Nick,
I'm sorry for my delay. The XHTMLContentHandler writes everything
that is in the Metadata object when the parser writes the first
"content" element, and in the MP3Parser, this is the <h1> element,
which is written before the sample rate is added to the Metadata
object. Any metadata that is added afterwards does not show up in the
xhtml, but is retrievable from the Metadata object.
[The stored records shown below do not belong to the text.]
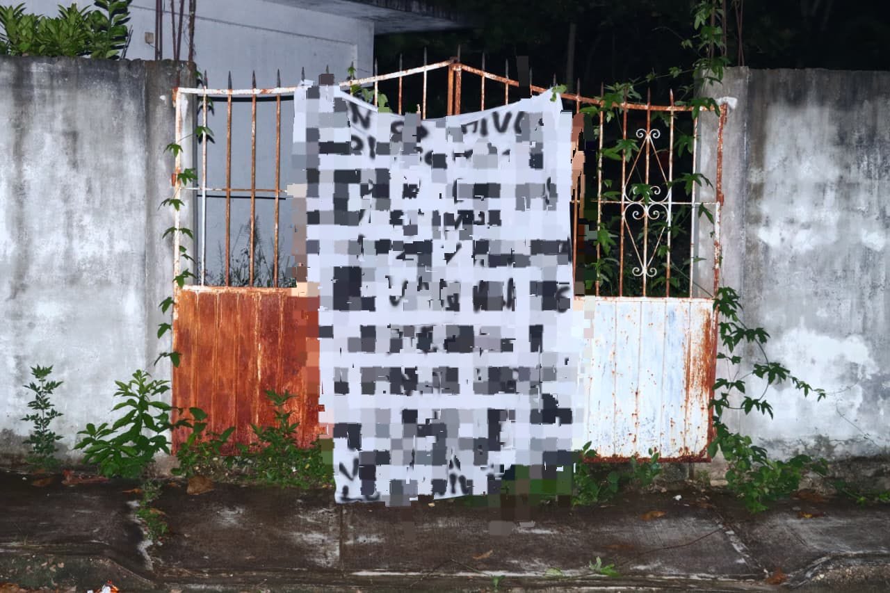 “Saludos a todos mis amigos y amigas, no se dejen sorprender por esos trapos apestosos que fueron los delincuentes, ya están desesperados y no saben cómo desprestigiarme, está es la segunda lona que lanzan tratando de echarme la culpa a mi, deberían de tener al menos los suficientes huevos para afrontar las cosas terribles que andan haciendo, no sean tan chillones,” señaló.
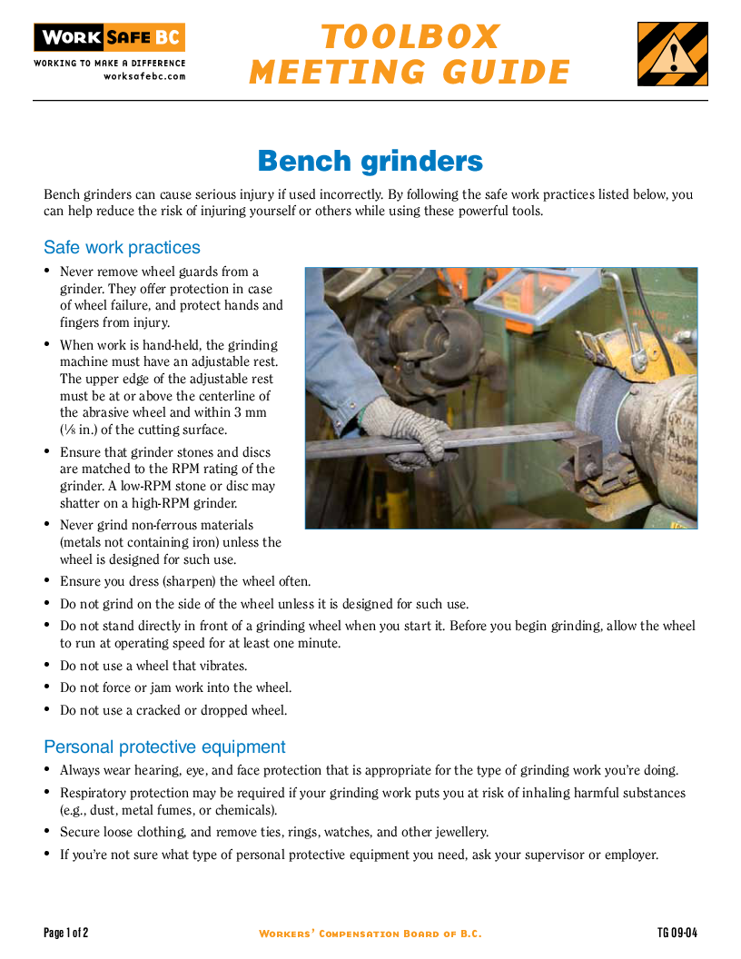 Osha Training Toolbox Talk Operating A Pedestal Or Bench
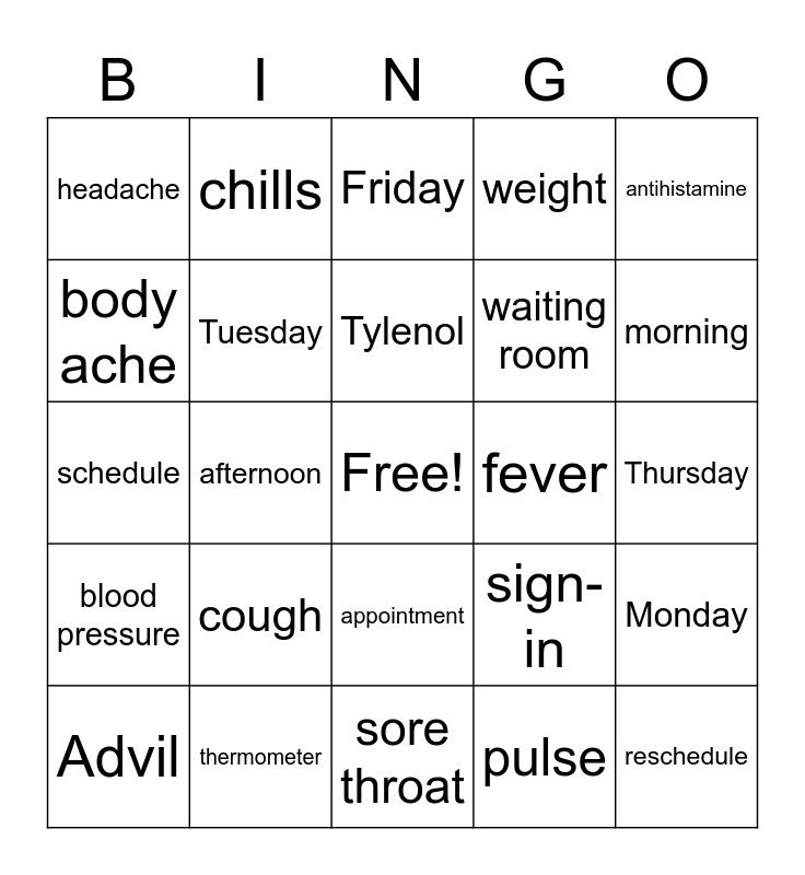 This bingo card has a free space and 25 words: cough, sore throat, Tylenol, Advil, antihistamine, headache, body ache, chills, fever, appointment, waiting room, schedule, sign-in, Monday, Tuesday, Wednesday, Thursday, Friday, morning, afternoon, reschedule, thermometer, blood pressure, weight and pulse.
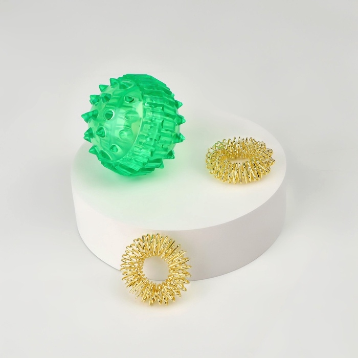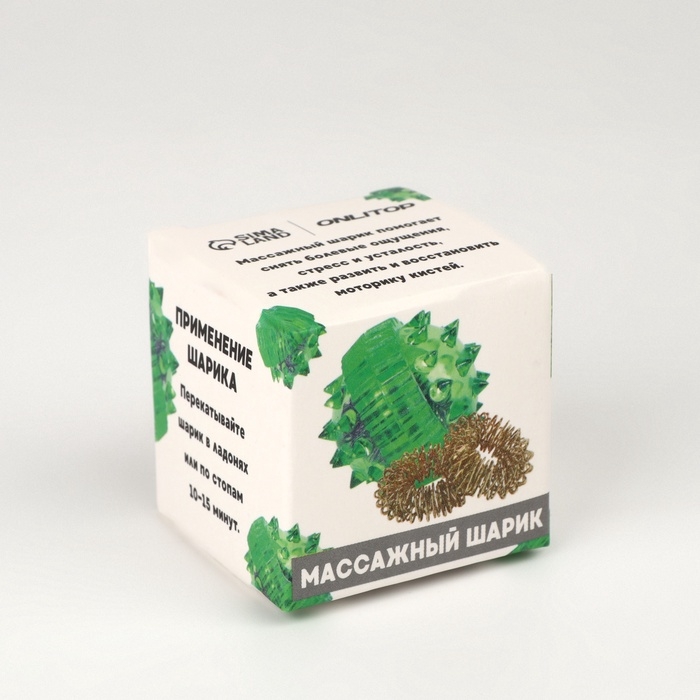 Массажер пластик универс Шарик с 2 кольцами зеленый коробка ОТ
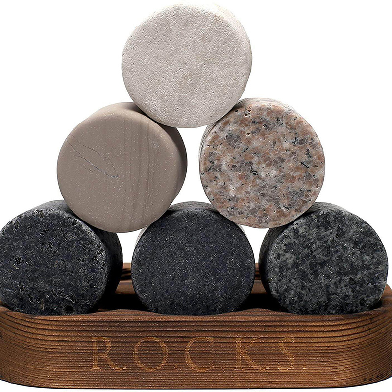 威士忌冰酒石 x 6威士忌冰酒石,每塊都有不同的顏色和花崗岩紋路,可快速冷卻、但不稀釋酒的口感冰酒石座 x 1R.O.C.K.S.™️ 經典冰酒石座,可擺放6塊冰酒石冰酒石使用方法:
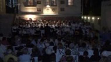 Οι δύο χορωδίες, του Ιδρύματος Ανταλλαγέντων της Συνθήκης της Λωζάννης και του Δήμου Καλαμαριάς συμπράττουν στην τελετή εγκαινίων της έκθεσης.
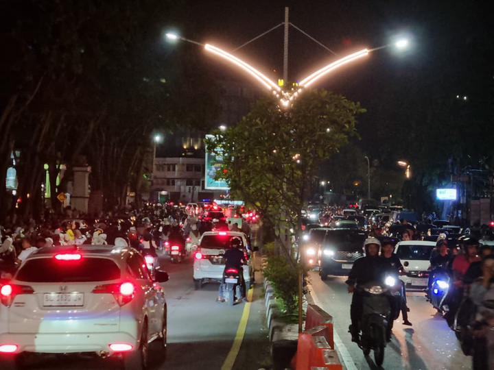 Pantauan di kawasan Bundaran Simpang Lima dan Jembatan Simpang Lima menunjukkan kendaraan roda dua dan roda empat terus lalu lalang hingga jelang tengah malam.
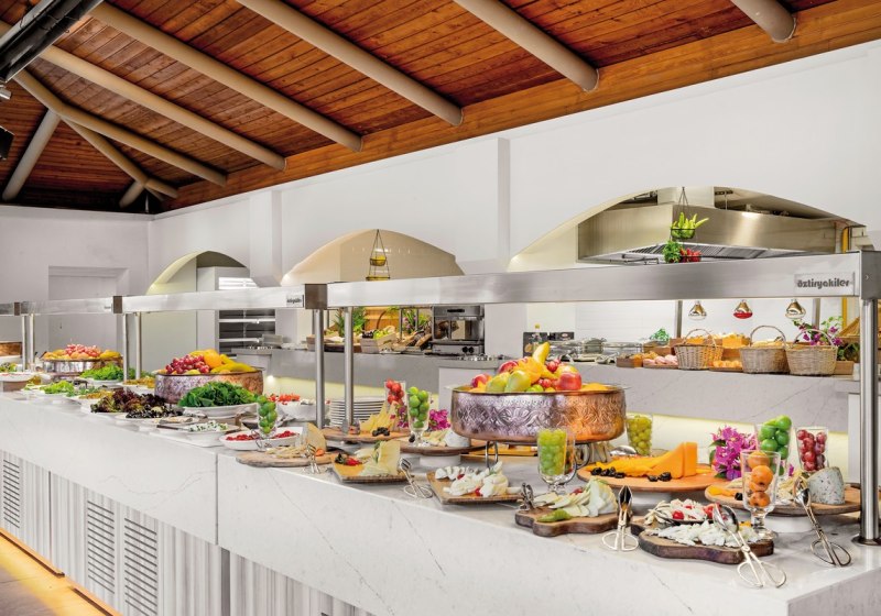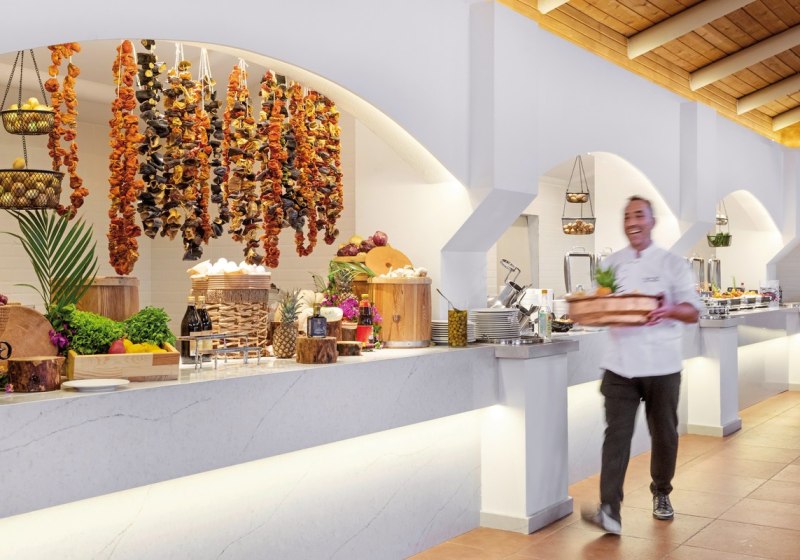 Ihr startet mit Frühstück und wählt je nach Paket Halbpension, Vollpension oder All‑Inclusive. Zentral ist das Buffetrestaurant mit Terrasse; zwei À‑la‑carte‑Restaurants setzen Akzente. Kindermenüs und Snacks ergänzen den Tagesrhythmus. Highlight: Buffet mit Terrasse und zwei À‑la‑carte‑Alternativen.
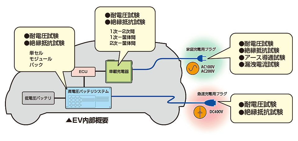 AC/DC 양쪽 대응! EV 배터리부터 차재 충전기, 충전 커넥터까지!
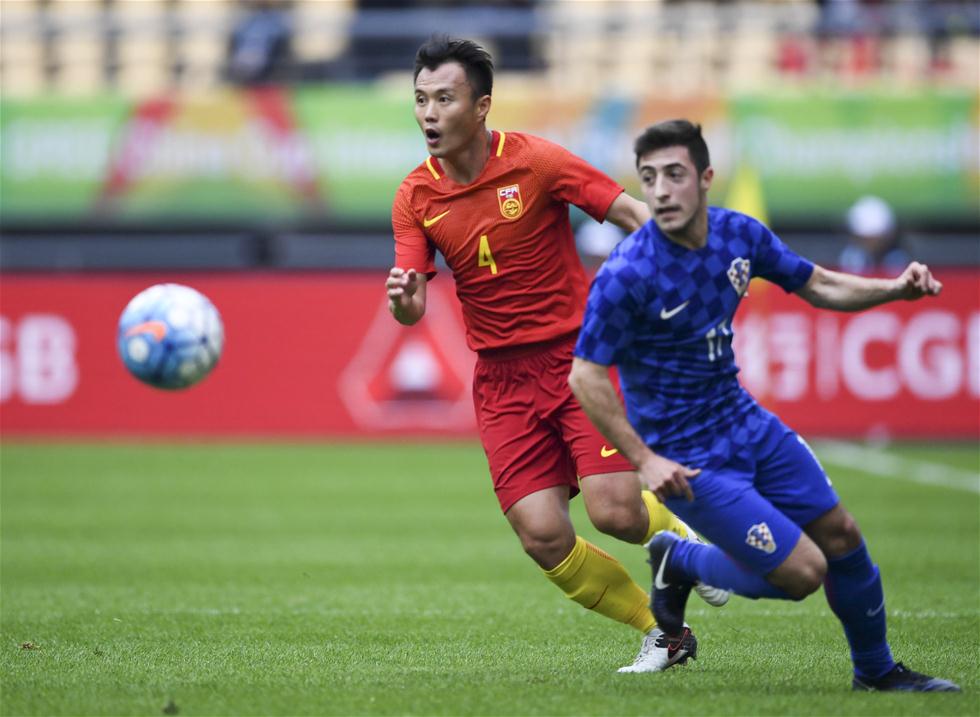 1月14日,中国队球员范晓冬(左)在比赛中拼抢。当日,在广西体育中心举行的2017中国杯国际足球锦标赛季军争夺战中,中国队在90分钟内以1比1战平克罗地亚队,经过点球大战最终以5比4的总比分战胜对手,获得季军。新华社记者周华摄

This is one of the limitations of a streaming write. As I look at
the code of the MP3Parser, I _think_ it would be trivial to write the
metadata before writing any content, and it wouldn't get in the way of
a streaming parse because the parser reads the whole file and caches
the content as it goes -- only writing once it has finished reading
the file.
Please open a ticket on our JIRA, and I'll take care of it.
Best,
Tim
On Sun, Oct 14, 2018 at 11:08 PM Nick Sincaglia <[email protected]> wrote:
>
> I was wondering if anyone might have some insights on why the XML output does
> not contain some of the technical file information that the JSON and text
> version does. Is this something that can be fixed? Could someone suggest a
> way to go about identifying the root cause and fixing it?
>
> Thanks,
>
> Nick
>
> On Oct 8, 2018, at 9:31 PM, Nick Sincaglia <[email protected]> wrote:
>
> I am using the Tika 1.19 as a GUI to extract metadata from an .mp3 file. The
> sample rate is available and I am able access it, but only as a string or as
> part of a JSON document. I am working in XML and would like to use XML as a
> content handler. But when the metadata is returned as ‘structured text’ (XML)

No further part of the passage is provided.